Europe Book Sample

Europe 77

Sample - Hitchhiking across North Africa

It took me two excellent rides to make it to Casablanca, home of Humphrey Bogart's Rick's Café. Then I made a serious logistical mistake. The signs were confusing, and I took the road to مدينة الرحمة Madinat instead of مراكش Marrakesh, sending me down the less traveled coast route instead of the direct highway. This last leg of the journey was rough – extremely hot and dusty, and the few cars that drove by ignored my outstretched thumb and rather desperate expression. Without rides, I trudged for two days, the relentless sun beating down on my face, sweat drenching my t-shirt under the weight of my heavy pack.

I kept walking until a wise older man under the shade of an expansive palm tree gestured for me to sit beside him and handed me an orange. The juice stung my blistered lips, reminding me of the thirst and dehydration that left me lightheaded. With a smile, he lowered his hand to the shaded earth, encouraging me to lie down and rest. When I awoke, he was surrounded by smiling young children clambering over him and gazing curiously at me. It was clear that they were from a rather poor nearby village. Their shirts and short pants were all some shade of brown, a bit ragged, and covered with dust, as were their bare feet.

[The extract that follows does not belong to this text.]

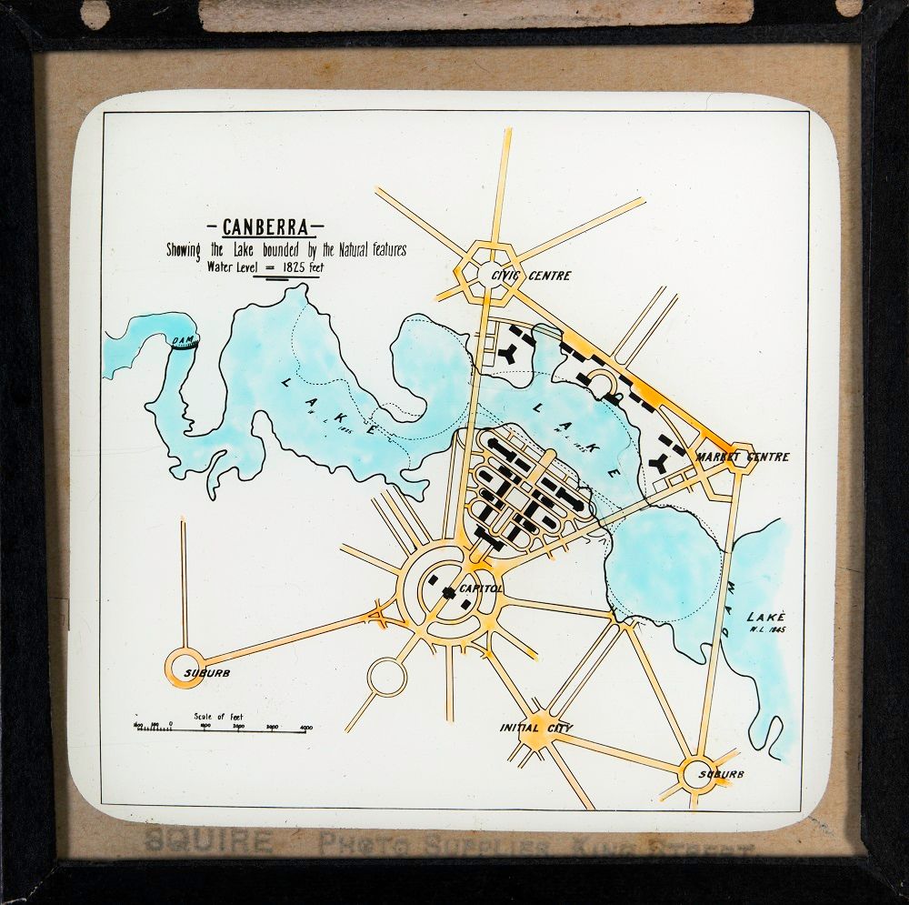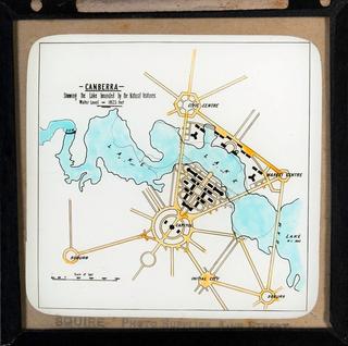 Walter Burley Griffin's design for the lake, as per his Preliminary Plan, is shown by dotted lines on this map.

One precocious four-year-old settled into my lap as I sat up, giggling incessantly. He glanced up at me every few minutes, smacking his forehead with his right hand as if to say, "I can't believe this guy."

I had reached the limits of my North African hitchhiking journey – exhausted from the relentless heat, sick, and as spaced out as I would have been if I had smoked all the hashish we'd been offered. With his brutally cracked brown feet and dusty maroon hat, the old man continued to gesture towards the ground as if to say – "Relax, relax."

The other children gathered around me, bravely touching my backpack and shoulders to be sure I was real, while the boy in my lap kept laughing. I reclined and drifted off, daydreaming that it would make a good story if I died on the side of a deserted Moroccan dirt road. I was wiped out, too exhausted and sick to be nervous or blame myself for trying to hitchhike down this relatively deserted coastal road. Despite my firm belief in Kurt Vonnegut’s “peculiar travel suggestions are dancing lessons from god,” I was starting to think that this may not end well.

An engine roar to my left awoke me, and the air was suddenly filled with the distinctive smell of diesel and a cloud of dust. My salvation was barreling down Highway R320 and somehow knew to stop at the old man’s palm tree.

"Agadir, Agadir, Agadir!" shouted the spry 12-year-old atop the green rattletrap public bus as the vehicle abruptly stopped beside me in a cloud of dust. "Agadir, Agadir, Agadir" – he repeated, it wasn't a question. The skinny kid climbed down the jungle gym ladders at the bus's rear, pulled me up, smiled, and grabbed my pack with his other hand. As I slowly walked toward the door, he ran up the ladder like a monkey, tossing my pack atop the mass of baggage and tying it down.

The stench of packed humanity hit me hard as I stood on the bus’s steps to wave farewell. All the kids stood, beaming and waving their arms. The four-year-old had tears rolling down his cute, chubby cheeks while the old man sat, offering an all-knowing nod instead of a wave.

The baggage kid pounded on the bus roof, yelling, "Lufhum, lufhum," sounding like "Roll 'em, roll 'em" from a TV western. The scene repeated itself at every tiny town on the excruciating seven-hour bus ride to the center of Agadir. I staggered to the town's campground and collapsed onto my sleeping bag, too tired to set up a tent.